The US government called on all federal civilian agencies to review their networks for indicators of compromise and disconnect or power down SolarWinds Orion products immediately as they are being exploited by malicious actors.
The Cybersecurity and Infrastructure Security Agency (CISA) late Sunday night issued Emergency Directive 21-01, as hackers broke into the networks of the US treasury and commerce departments via trojanized updates to SolarWind’s Orion IT monitoring and management software.
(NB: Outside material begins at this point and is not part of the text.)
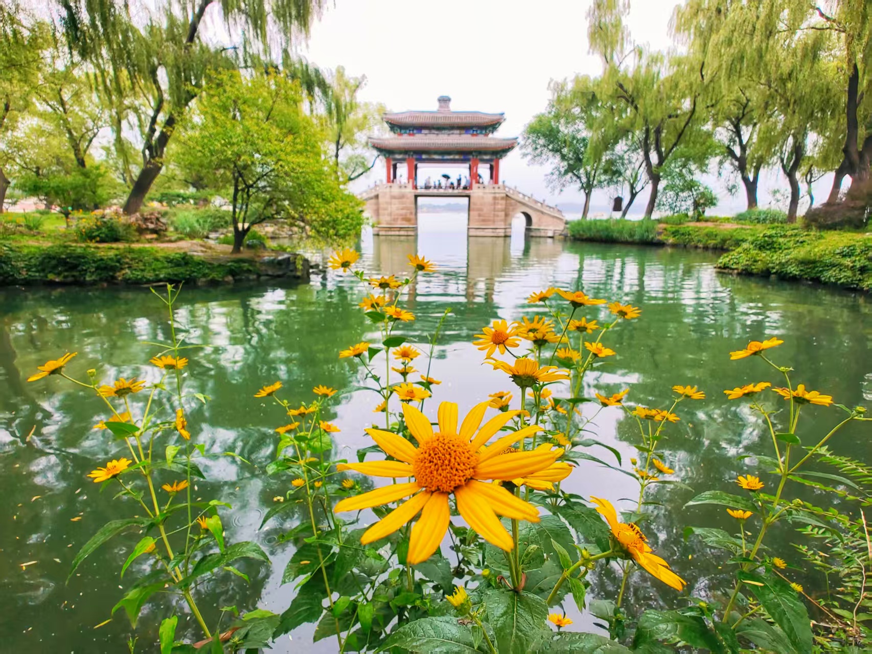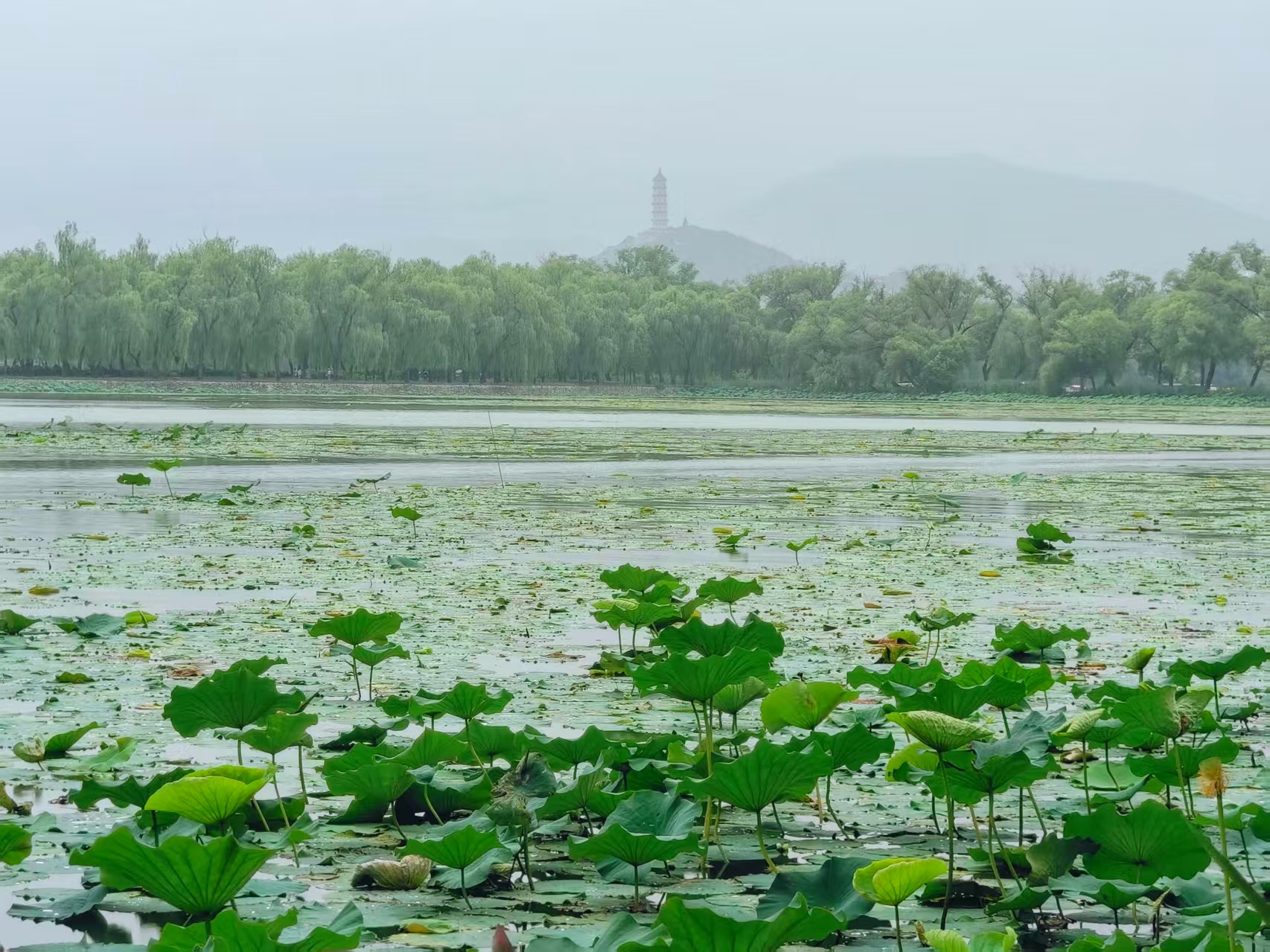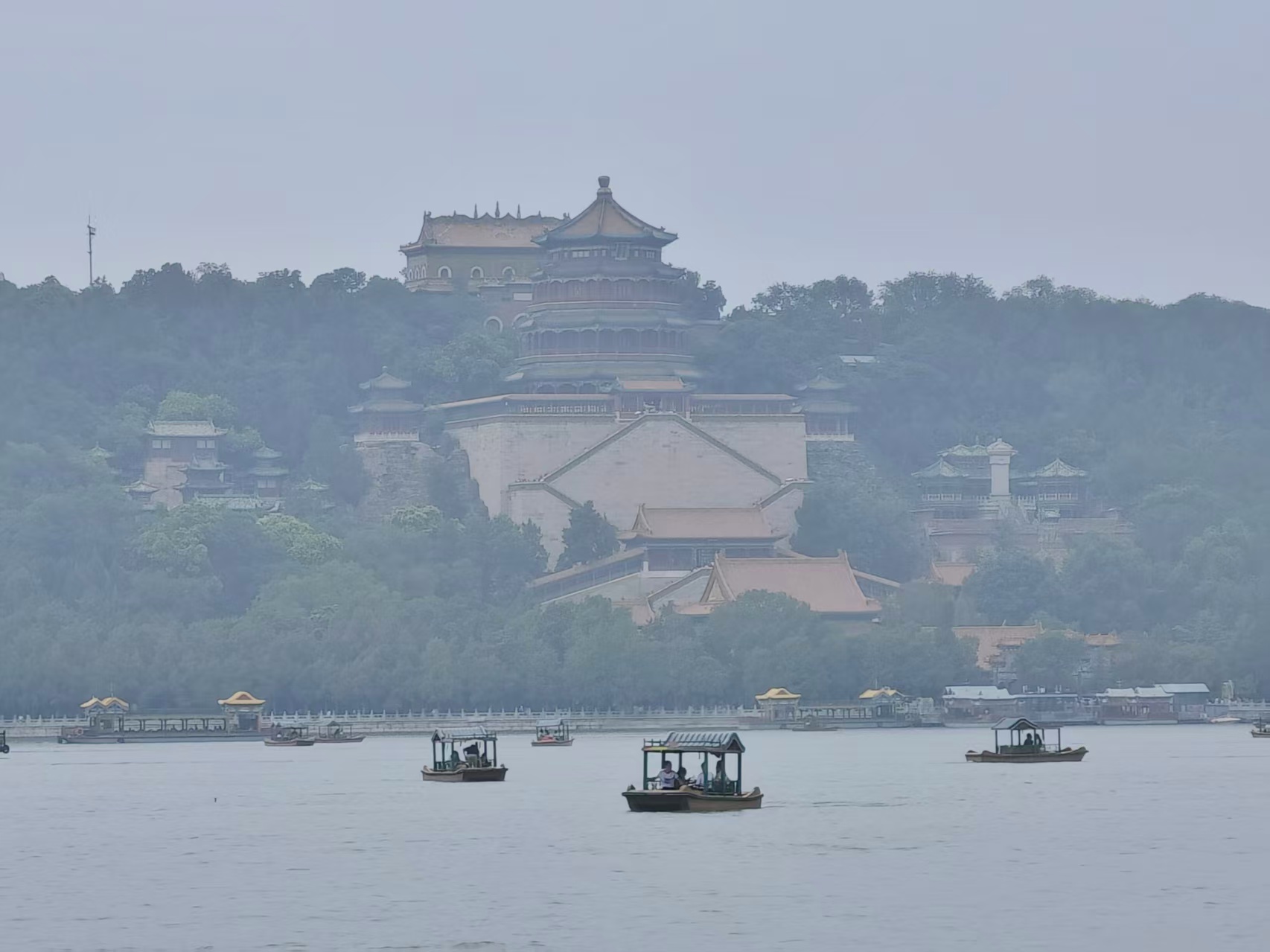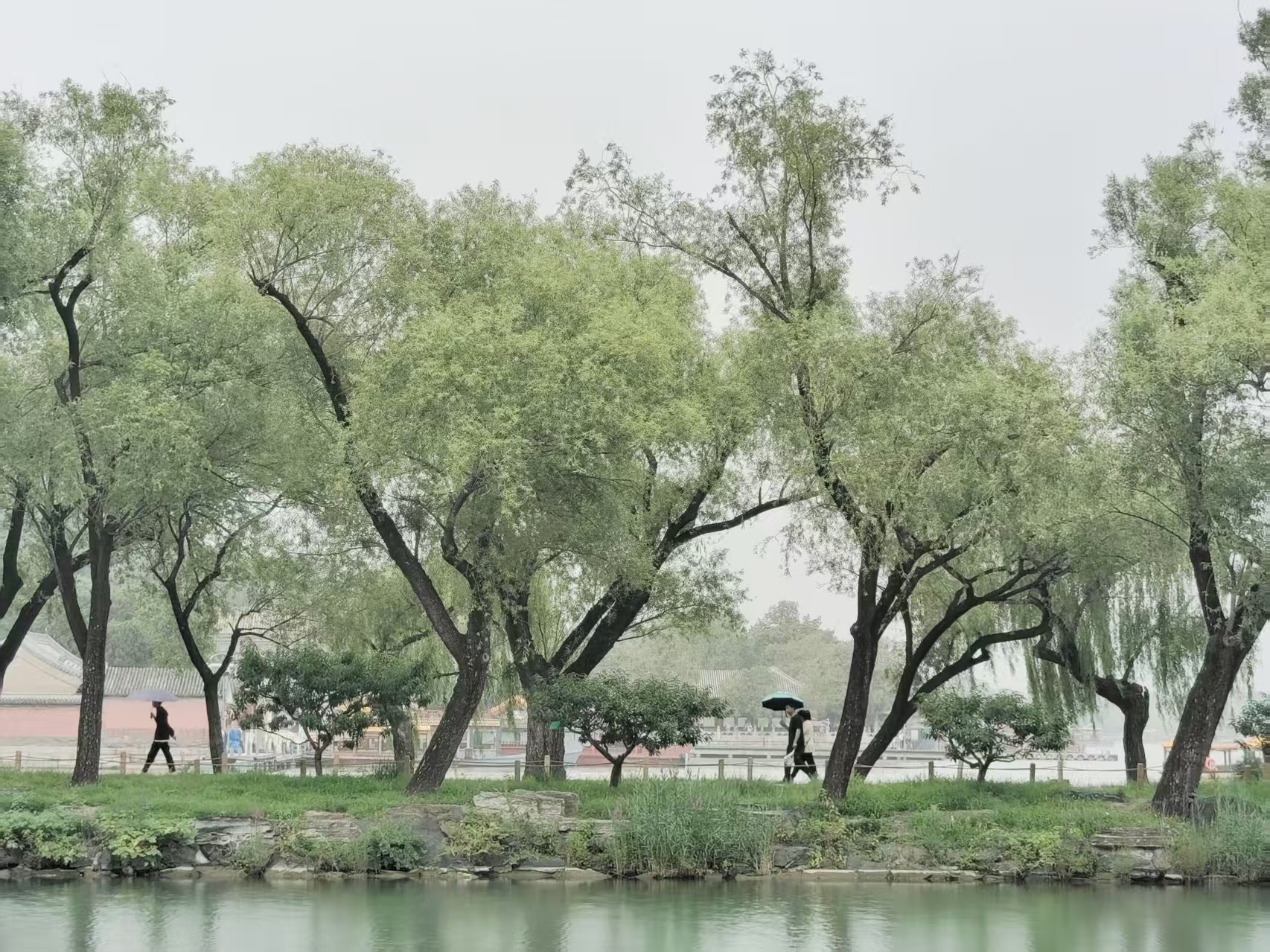 蒙蒙细雨织就颐和园的素绢,昆明湖晕染开青灰墨韵;游船如繁星点点,水墨颐和园,胜似烟雨江南。

“The compromise of SolarWinds’ Orion Network Management Products poses unacceptable risks to the security of federal networks,” said CISA Acting Director Brandon Wales. “Tonight’s directive is intended to mitigate potential compromises within federal civilian networks, and we urge all our partners—in the public and private sectors—to assess their exposure to this compromise and to secure their networks against any exploitation.”
Global cybersecurity firm FireEye, that first flagged the hacking campaign, discovered a supply chain attack trojanizing SolarWinds Orion business software updates in order to distribute malware they call SUNBURST.
This campaign may have begun as early as Spring 2020 and is currently ongoing.
FireEye added that the campaign is widespread, affecting public and private organizations around the world.
This is the fifth Emergency Directive issued by CISA under the authorities granted by Congress in the Cybersecurity Act of 2015.